Pinecone — create an account, get an API key, and you’re inserting vectors in 5 minutes. Weaviate requires Docker setup or WCS account creation, plus schema definition. For a quick RAG prototype, Pinecone’s friction-free setup wins.
Can I migrate from Pinecone to Weaviate later?
Yes, but it requires re-inserting all your data (re-embedding if you change models). Plan your data schema carefully upfront. If you might need hybrid search or self-hosting in the future, Weaviate from the start saves migration effort.
Which integrates better with LangChain and LlamaIndex?
Both have first-class integrations with LangChain (langchain-pinecone, langchain-weaviate) and LlamaIndex (llama-index-vector-stores-pinecone, llama-index-vector-stores-weaviate). The integration quality is roughly equal.

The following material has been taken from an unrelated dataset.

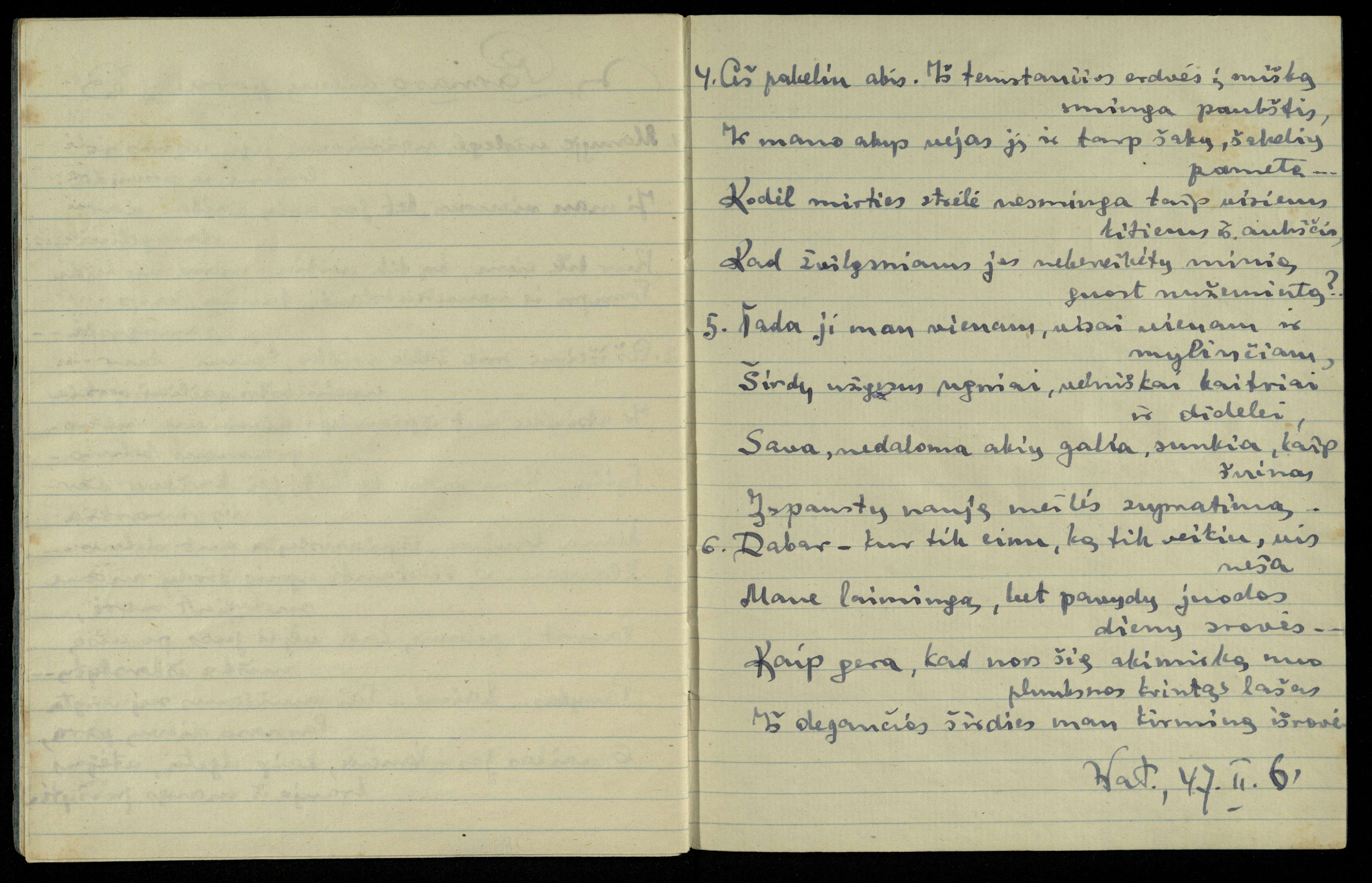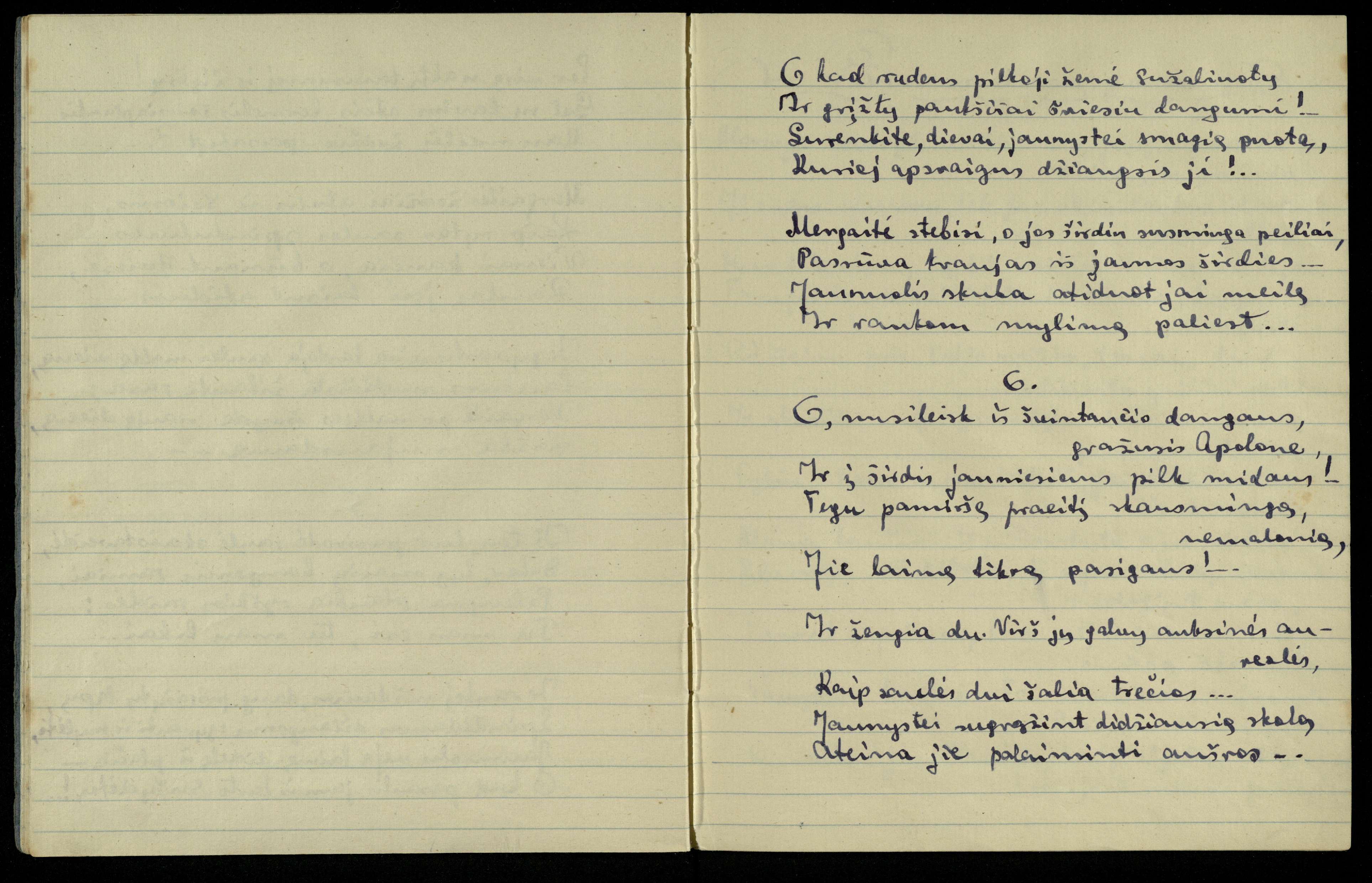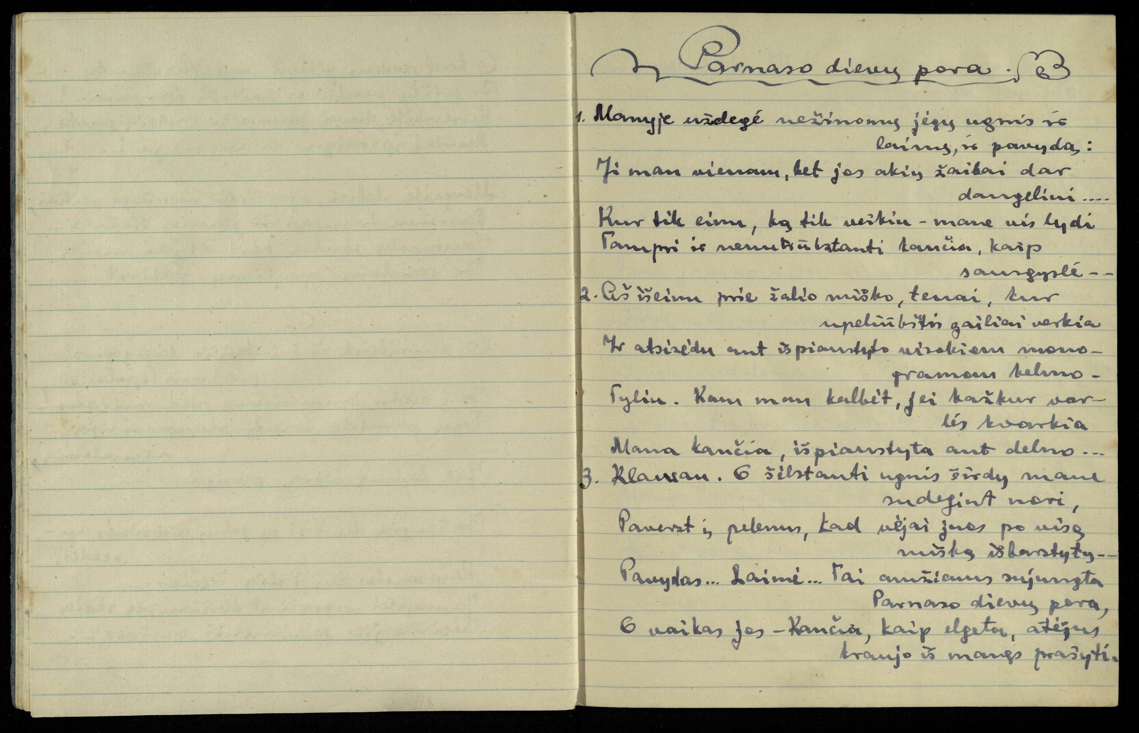 Eilėraščiai sąsiuvinyje: „Vėlinių eisena“, „Išsipildymas“, „Parnaso dievų pora“.

Are there other vector databases worth considering?
Yes. pgvector (PostgreSQL extension) is excellent if you’re already on Postgres — no separate infrastructure. Qdrant is a strong open-source alternative to both. Chroma is great for local development and prototyping. Milvus is popular for very large-scale deployments. Pinecone and Weaviate are the most commonly used in production AI applications as of 2025.
Does Weaviate support OpenAI embeddings natively?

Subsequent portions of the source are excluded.